Hi Evgheni, Unfortunately migrating the Jenkins VM failed, to (my) luck its back running in the old Production cluster. so we could track this I am listing again the steps taken today:
1. around 18:00 TLV time, I triggered a snapshot of the VM. This not only failed but caused the Jenkins VM to be none-responsive for a few minutes. More distributing is that although in the 'event's in the engine it announced a failure, under 'snapshots' the new snapshot was listed under status 'ok'. this also caused few CI failures(which were re-triggered). 2. As snapshot seems like a no-option, I created a new VM in the production cluster jenkins-2.phx.ovirt.org, and downloaded the latest backup from backup.phx.ovirt.org, so in case of a failure we could change the DNS and use it(keep in mind this backup does not have any builds, only logs/configs) 3. I shut down the VM from the engine - it was hanging for a few minutes in 'shutting down' and then announced 'shutdown failed', which caused it to appear again in 'up' state but it was non responsive. virsh -r --list also stated it was up. 4. I triggered another shutdown, which succeeded. As I didn't want to risk it any more I let it boot in the same cluster, which was also successful. I've attached some parts of engine.log, from a quick look on vdsm.log I didn't see anything but could help if someone else have a look(this is ovirt-srv02). the relevant log times for the shut down failure are from '2016-06-23 16:15'. Either way until we find the problem, I'm not sure we should risk it before we have a proper recovery plan. One brute-force option is using rsync from jenkins.phx.ovirt.org:/var/lib/data/jenkins to jenkins-2, with jenkins daemon itself shut down on 'jenkins-2', then we could schedule a downtime on jenkins.phx.ovirt.org, wait that everything is synced, and stop jenkins(and puppet), then start jenkins daemon on jenkins-2 and change the DNS cname of jenkins.ovirt.org to point to it. if everything goes smooth it should run fine, and if not, we still have jenkins.phx.ovirt.org running. another option is to unmount /var/lib/data/ and mount it back to jenkins-2, though then we might be in trouble if something goes wrong on the way. Nadav.
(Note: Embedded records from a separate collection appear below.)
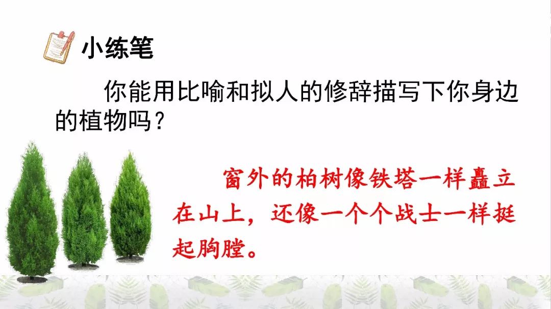 4.著名诗人戴望舒的《雨巷》中,有这样的诗句:“我希望逢着∕一个丁香一样的∕结着愁怨的姑娘。她是有∕丁香一样的颜色,丁香一样的芬芳,丁香一样的忧愁……”结合本文,体会“丁香”一词在诗中的含义。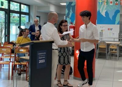 Ensuite, dans la joie et la bonne humeur la soirée a continué autour d’un buffet dans la cour du lycée: moment d’échange privilégié entre tous les acteurs de notre communauté – professeurs – élèves – parents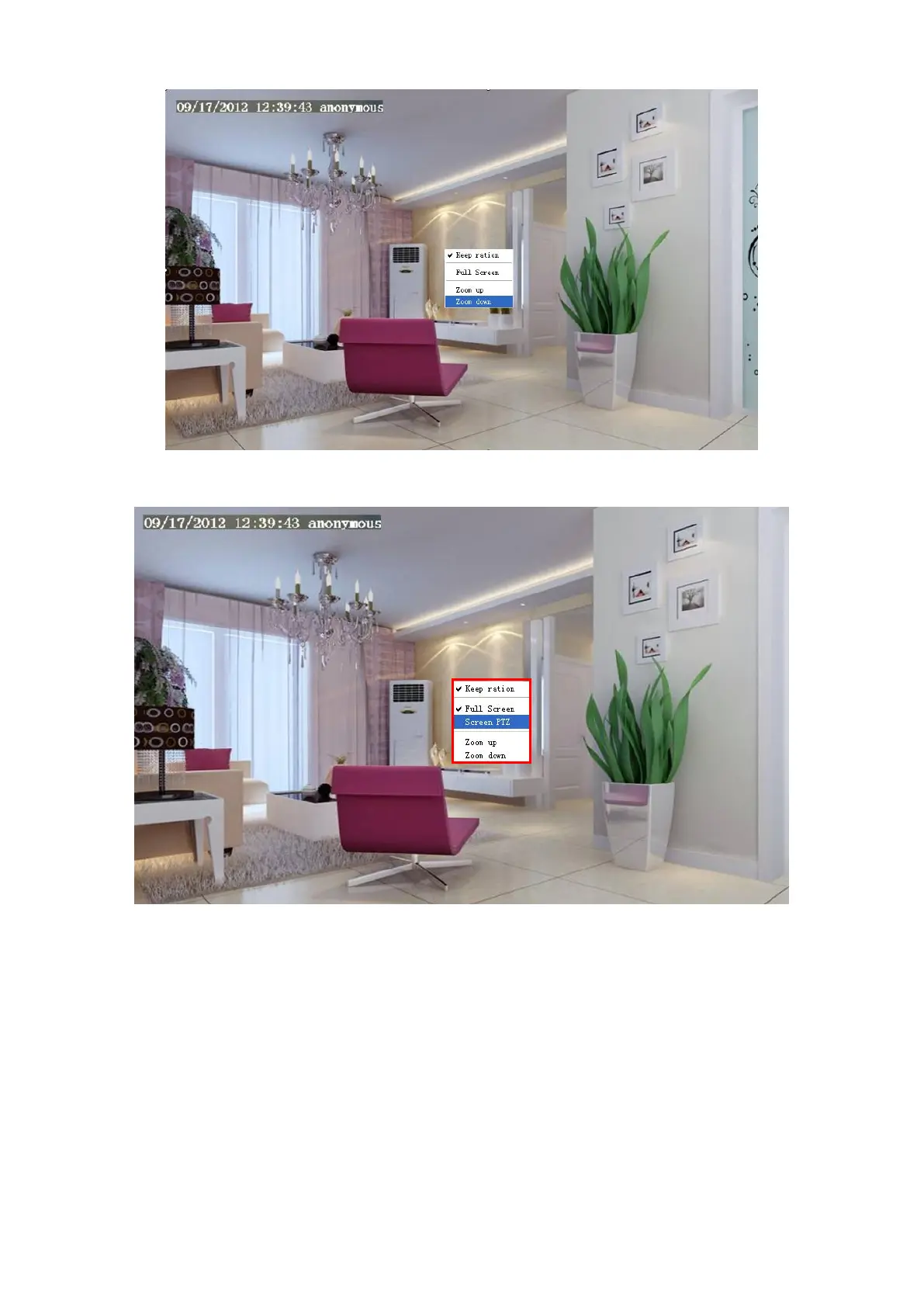 Click the Screen PTZ button and put the mouse on the screen to indicate the camera move direction you

engine.log snapshot event 2016-06-23 09:06:49,592 INFO [org.ovirt.engine.core.vdsbroker.VdsUpdateRunTimeInfo] (DefaultQuartzScheduler_Worker-44) VM jenkins-phx-ovirt-org e7a7b735-0310-4f88-9ed9-4fed85835a01 moved from Up --> Paused , Custom Event ID: -1, Message: Failed to create live snapshot 'ngoldin_before_cluster_move' for VM 'jenkins-phx-ovirt-org'. VM restart is recommended. Note that using the created snapshot might cause data inconsistency. , Custom Event ID: -1, Message: Failed to complete snapshot 'ngoldin_before_cluster_move' creation for VM 'jenkins-phx-ovirt-org'. 2016-06-23 09:17:29,020 INFO [org.ovirt.engine.core.vdsbroker.VdsUpdateRunTimeInfo] (DefaultQuartzScheduler_Worker-69) VM jenkins-phx-ovirt-org e7a7b735-0310-4f88-9ed9-4fed85835a01 moved from Paused --> Up failed shutdown 2016-06-23 15:59:20,348 INFO [org.ovirt.engine.core.bll.ShutdownVmCommand] (org.ovirt.thread.pool-8-thread-25) [52b9dd27] Entered (VM jenkins-phx-ovirt-org). 2016-06-23 15:59:20,349 INFO [org.ovirt.engine.core.bll.ShutdownVmCommand] (org.ovirt.thread.pool-8-thread-25) [52b9dd27] Sending shutdown command for VM jenkins-phx-ovirt-org. 2016-06-23 15:59:20,446 INFO [org.ovirt.engine.core.dal.dbbroker.auditloghandling.AuditLogDirector] (org.ovirt.thread.pool-8-thread-25) [52b9dd27] Correlation ID: 52b9dd27, Job ID: f1f0d78e-ae68-465e-a3c1-e46d146fc2e7, Call Stack: null, Custom Event ID: -1, Message: VM shutdown initiated by admin on VM jenkins-phx-ovirt-org (Host: ovirt-srv02) (Reason: Not Specified). 2016-06-23 16:04:20,556 INFO [org.ovirt.engine.core.vdsbroker.VdsUpdateRunTimeInfo] (DefaultQuartzScheduler_Worker-20) [2d2d1b3a] VM jenkins-phx-ovirt-org e7a7b735-0310-4f88-9ed9-4fed85835a01 moved from PoweringDown --> Up 2016-06-23 16:04:20,628 WARN [org.ovirt.engine.core.dal.dbbroker.auditloghandling.AuditLogDirector] (DefaultQuartzScheduler_Worker-20) [2d2d1b3a] Correlation ID: null, Call Stack: null, Custom Event ID: -1, Message: Shutdown of VM jenkins-phx-ovirt-org failed.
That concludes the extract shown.